A Safer And Better World With Or Without Osama Bin Laden

The world is not a better or safer place because Osama bin Laden is gone from it. Nothing has changed. Violence has created violence, which has created violence, in an endless chain whose origin is insignificant. What matters is what we do now. That is always what matters. Shall we hate those who hate us or shall we love them? If we hate those who hate, what is the difference between us and them? Shall we love only those who deserve it? Who look like us? Who believe like us? If we love those who, like us, are born and will die; who, like us, cry when they are frightened; who, like us, lash out in pain when they feel powerless, who would we not love?

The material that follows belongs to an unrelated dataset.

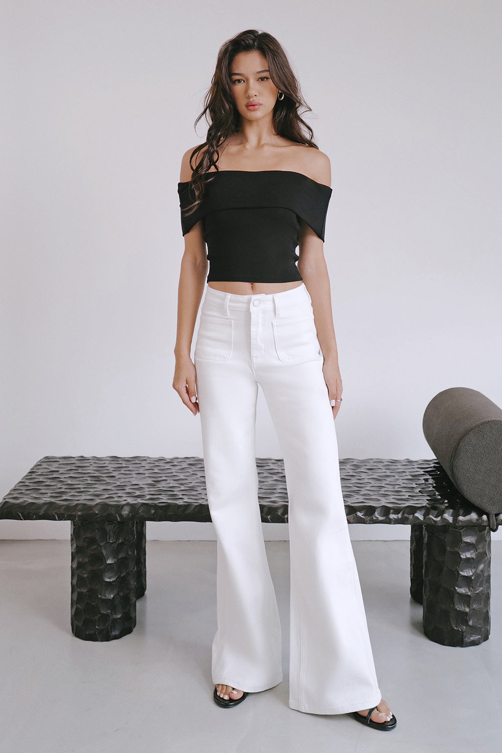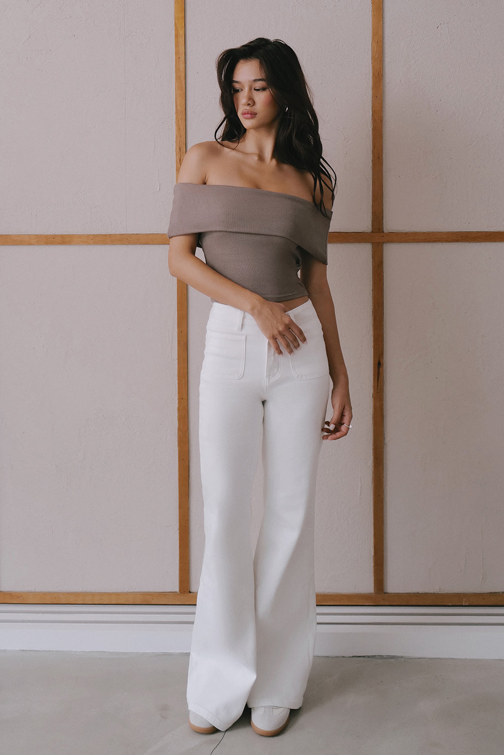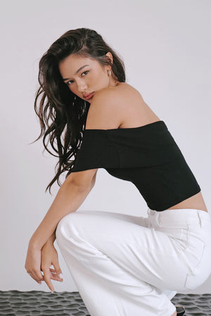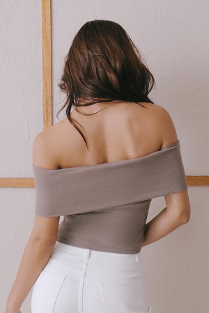 Elegant Rib Off-Shoulder Sleeveless BraTop

From the distorted perceptions of fear, forgiving the unforgivable is unforgivable. The choice between love and fear is always with us. Often we choose fear, but we do not need to. Unchallenged fear of the pain of powerlessness, of the pain of humiliation, of the pain of loss moves us forward and we create more violence and the chain grows. Forgiveness does not mean freeing a killer or ignoring a bully. It means putting down the burden of your hate and relieving yourself of the pain it creates in you. Bin Laden is dead but you are alive. Who is suffering from the pain of your hatred for him now? How long will you continue? Who else are you not forgiving? Out of the past fear encircles us, emerges into the present, and from there grows into the future where our children will reflect our own fear back to us in the violence that they will do when they encounter the unforgivable. But they do not need to. They could reflect back to us a world of love if we are willing to show them a world of love now.

What would that world look like? How would it perceive Osama bin Laden? Would it rejoice at his death? Would a world of love meet fear with fear or would it replace fear with love? How much courage would it take you to do that?

Gary Zukav

  • Published: May 6, 2011
  • Filed in: Blog

23 comments on “A Safer And Better World With Or Without Osama Bin Laden”

  1. Mark Gagnier says:

    I am a 12 year flight attendant for one of the airlines hyjacked on 9/11. The events deeply impacted me….. my life, my work, my wounded spirit. It activated fearful parts of my personality. Still, I continue striving to work through this profoundly painful experience with compassion and love. It is not easy. Not even these many years later.

    I feel we must all reflect on our actions as; individuals, communities, nations, and as a species that lead us to that very dark day in human history. I choose to try to understand Bin Laden, forgive him, and even try to be grateful for life lessons. Needless to say, this concept has met viament opposition from my colleagues.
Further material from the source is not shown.